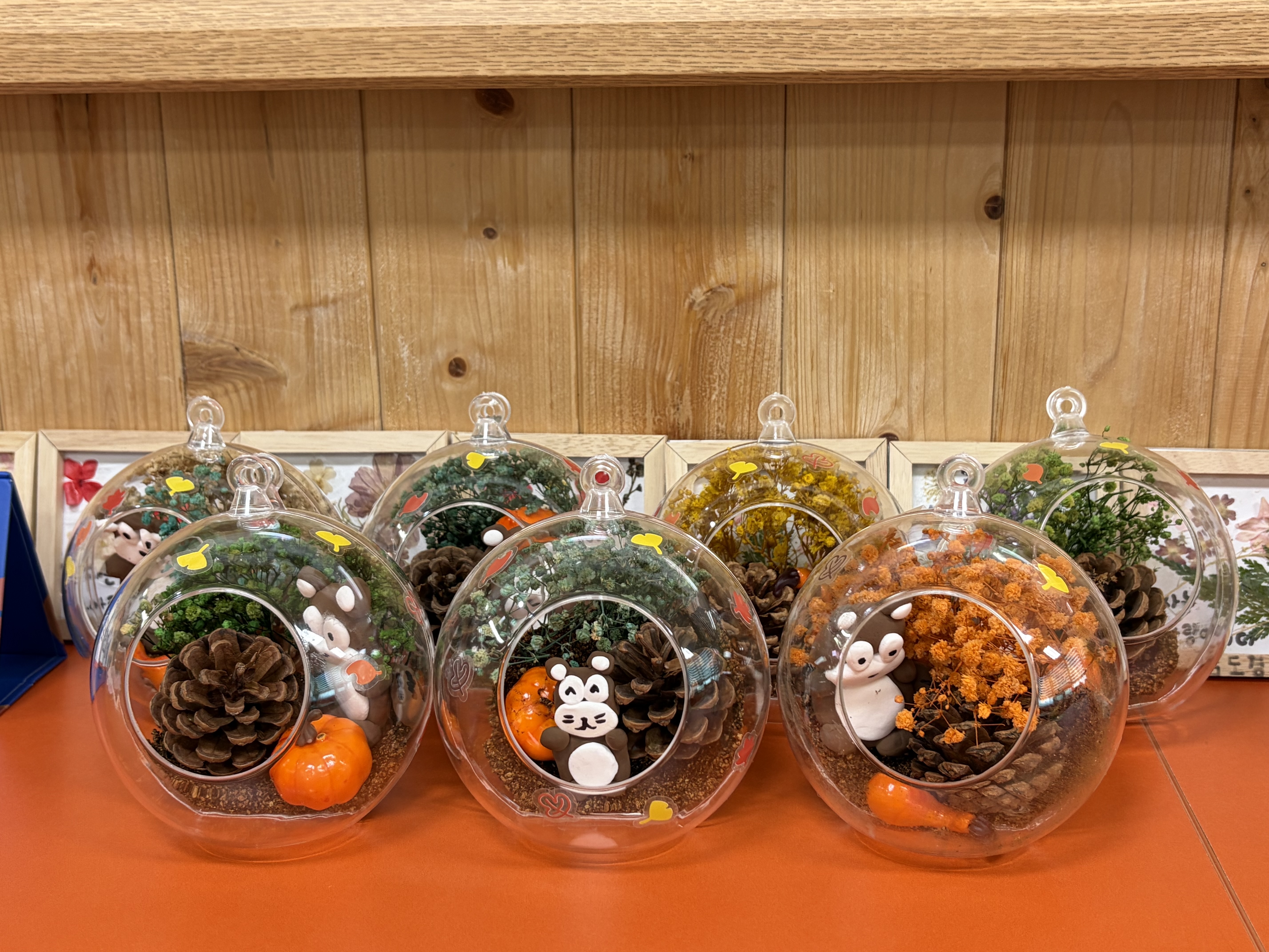 오늘은 어르신들과 가을에 어울리는 솔방울, 다람쥐,프리저브드 꽃등을 이용하여 테라리움을 만드는 시간을 가졌습니다.
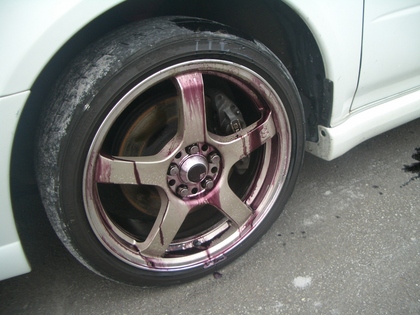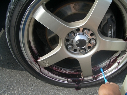この車はフロントブレーキのダストと泥がホイールに付着して固形化してしまい
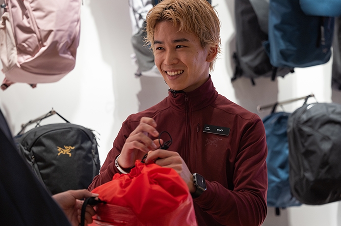 もちろん、フロアスタッフに相談すると内容に合ったアイテムを案内してくれるので、分からないことがあっても安心。自分に合ったスタイルを探す楽しさを感じられるのもアークテリクスならではです。
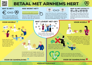 Arnhems Hert groeit! Ben jij al aangesloten bij de Arnhems Hert community of ben je geïnteresseerd in Arnhems Hert? Het kan misschien een uitdaging zijn om de voordelen van het betaalmiddel Arnhems Hert en een lidmaatschap direct te begrijpen, óf aan anderen uit te leggen. Daarom hebben wij infographics laten ontwerpen door community-lid Kim Lagerweij van Pluk de dag – Green Graphics.
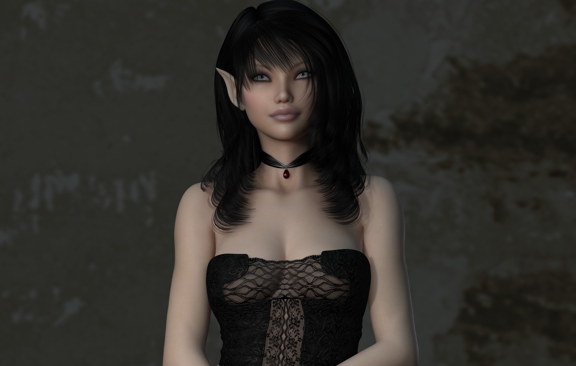 Dziewczyna elfka z wisiorkiem na czarnym tle
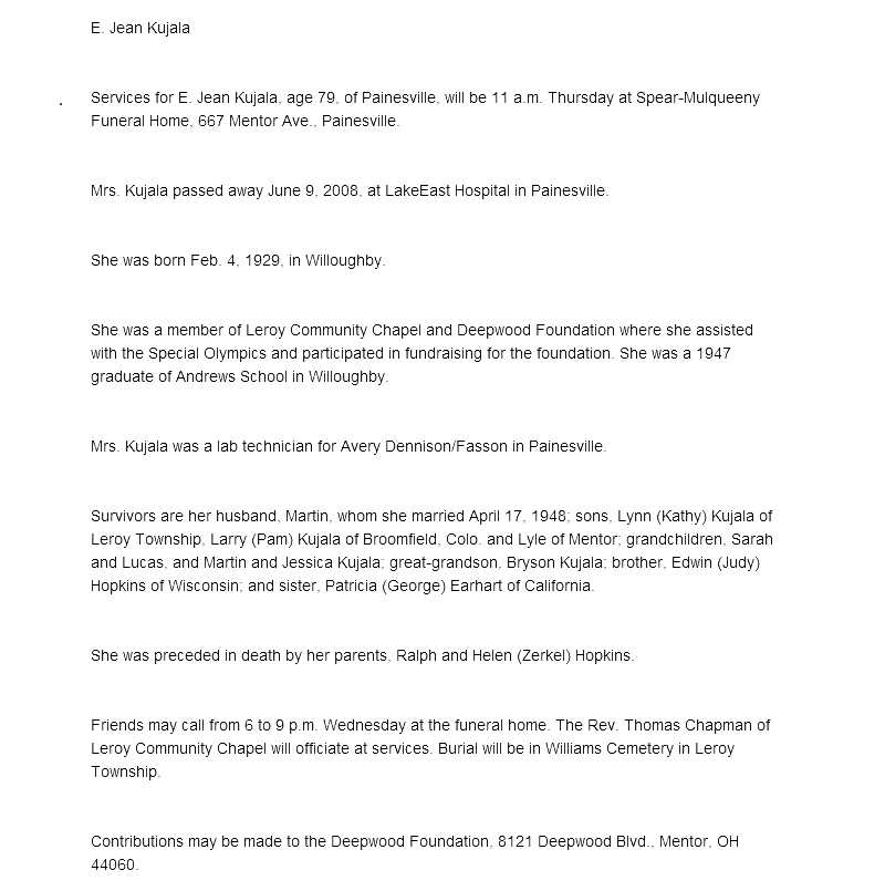 Kujala, Jean Obituary, Kujala, Jean Obituary (News-Herald 06/10/2008)
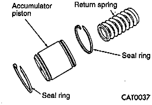 82. Install return spring and two seal rings from the overdrive and underdrive clutch accumulator pistons.
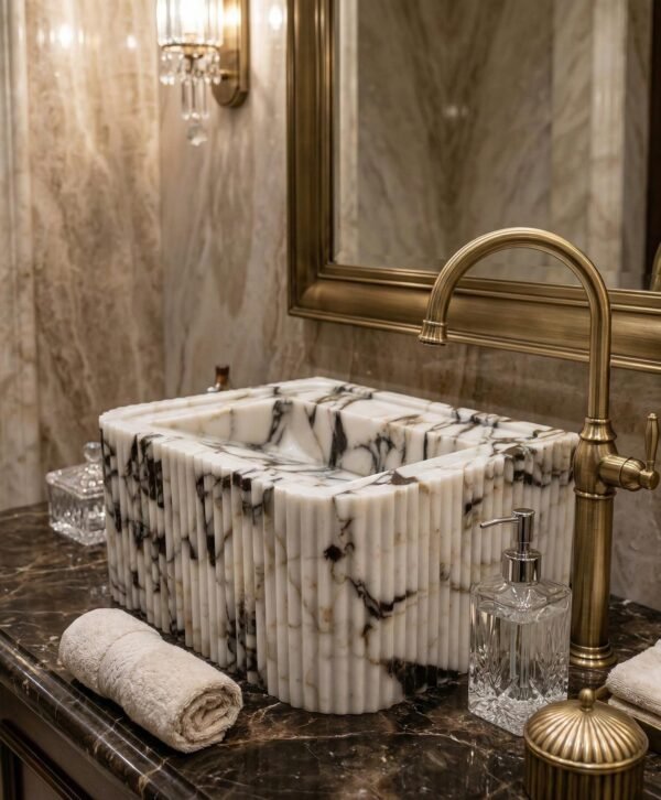 This Calacatta Viola marble fluted sink transforms your bathroom into a sculptural statement of natural luxury. Hand-carved from premium marble, its dramatic violet and charcoal veining flows across a creamy white base, while the fluted exterior adds…
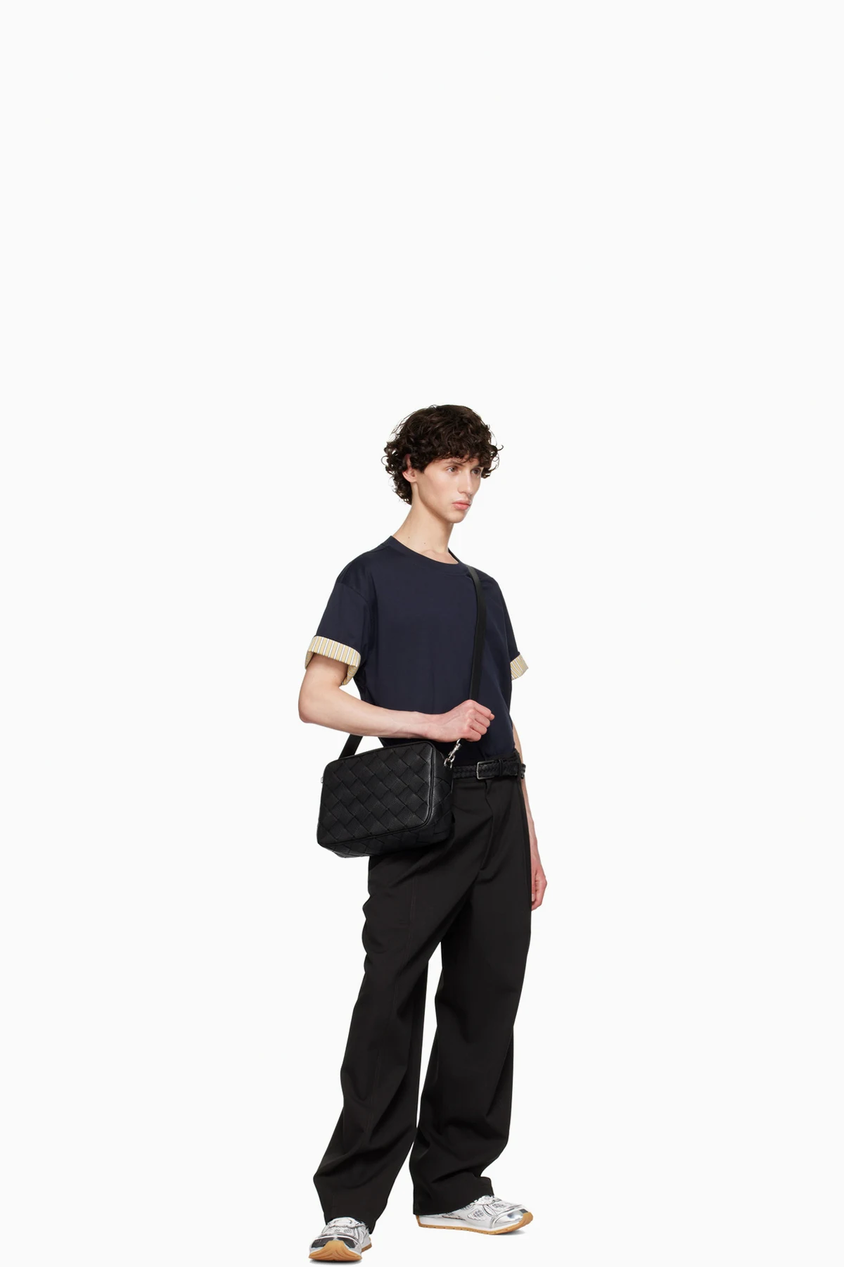 Intrecciato-woven pebble grained calfskin messenger bag in black.
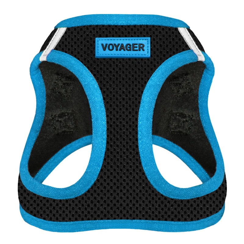 Voyager Step-in Air Dog Harness - All Weather Mesh, Reflective, No Pull Harness for Small, Medium Dogs, Cats - Secure with Hook & Loop Fastener, Buckle, Double D-Rings - Black/Blue Trim, XL
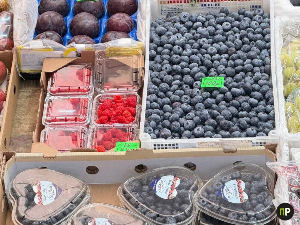 Греческая клубника заметно подешевела: в рознице её продают по 35 рублей, а в опте крупная свежая ягода стоит от 27 рублей за килограмм. Продавцы объясняют снижение цены тем, что скоро на прилавки выйдет белорусская клубника. Голубику в розницу предлагают от 100 рублей за килограмм.
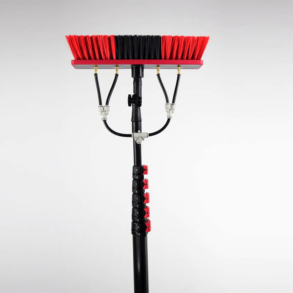 Teleskopstangen lassen sich mit Bürsten, Düsen und Schlauchanschlüssen an Waschanlagen anschließen. So können die Bediener die Platten aus der Entfernung reinigen, enge Bereiche erreichen und die Gefahr einer versehentlichen Beschädigung verringern - was zu einer vollständigeren, kontrollierten Reinigung führt.
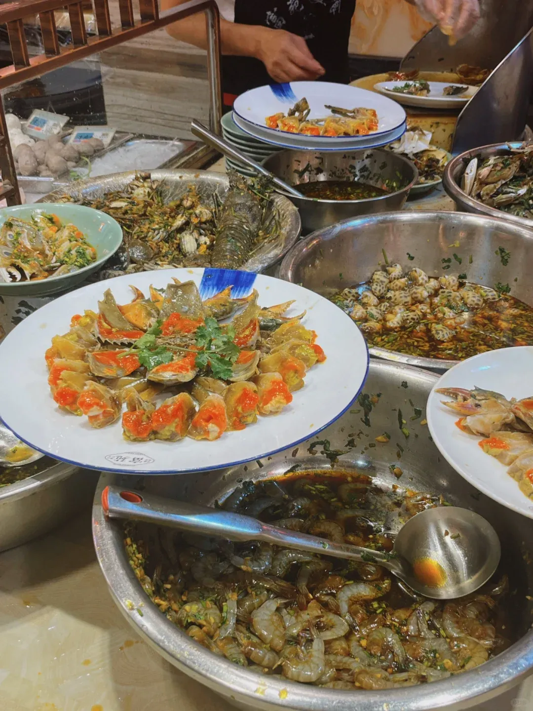 将螃蟹、虾蛄、虾、生蚝、血蛤等海鲜,放入辣椒、香菜、蒜末、酱油等调料腌制一段时间便可以食用了,新鲜的海鲜配上软绵弹滑的口感,让人欲罢不能。

__Brief__
From the first line to the last, copy the records exactly and skip the pictures.

__Solution to this exercise__
 오늘은 어르신들과 가을에 어울리는 솔방울, 다람쥐,프리저브드 꽃등을 이용하여 테라리움을 만드는 시간을 가졌습니다.
この車はフロントブレーキのダストと泥がホイールに付着して固形化してしまい
 もちろん、フロアスタッフに相談すると内容に合ったアイテムを案内してくれるので、分からないことがあっても安心。自分に合ったスタイルを探す楽しさを感じられるのもアークテリクスならではです。
 Arnhems Hert groeit! Ben jij al aangesloten bij de Arnhems Hert community of ben je geïnteresseerd in Arnhems Hert? Het kan misschien een uitdaging zijn om de voordelen van het betaalmiddel Arnhems Hert en een lidmaatschap direct te begrijpen, óf aan anderen uit te leggen. Daarom hebben wij infographics laten ontwerpen door community-lid Kim Lagerweij van Pluk de dag – Green Graphics.
 Dziewczyna elfka z wisiorkiem na czarnym tle
 Kujala, Jean Obituary, Kujala, Jean Obituary (News-Herald 06/10/2008)
 82. Install return spring and two seal rings from the overdrive and underdrive clutch accumulator pistons.
 This Calacatta Viola marble fluted sink transforms your bathroom into a sculptural statement of natural luxury. Hand-carved from premium marble, its dramatic violet and charcoal veining flows across a creamy white base, while the fluted exterior adds…
 Intrecciato-woven pebble grained calfskin messenger bag in black.
 Voyager Step-in Air Dog Harness - All Weather Mesh, Reflective, No Pull Harness for Small, Medium Dogs, Cats - Secure with Hook & Loop Fastener, Buckle, Double D-Rings - Black/Blue Trim, XL
 Греческая клубника заметно подешевела: в рознице её продают по 35 рублей, а в опте крупная свежая ягода стоит от 27 рублей за килограмм. Продавцы объясняют снижение цены тем, что скоро на прилавки выйдет белорусская клубника. Голубику в розницу предлагают от 100 рублей за килограмм.
 Teleskopstangen lassen sich mit Bürsten, Düsen und Schlauchanschlüssen an Waschanlagen anschließen. So können die Bediener die Platten aus der Entfernung reinigen, enge Bereiche erreichen und die Gefahr einer versehentlichen Beschädigung verringern - was zu einer vollständigeren, kontrollierten Reinigung führt.
 将螃蟹、虾蛄、虾、生蚝、血蛤等海鲜,放入辣椒、香菜、蒜末、酱油等调料腌制一段时间便可以食用了,新鲜的海鲜配上软绵弹滑的口感,让人欲罢不能。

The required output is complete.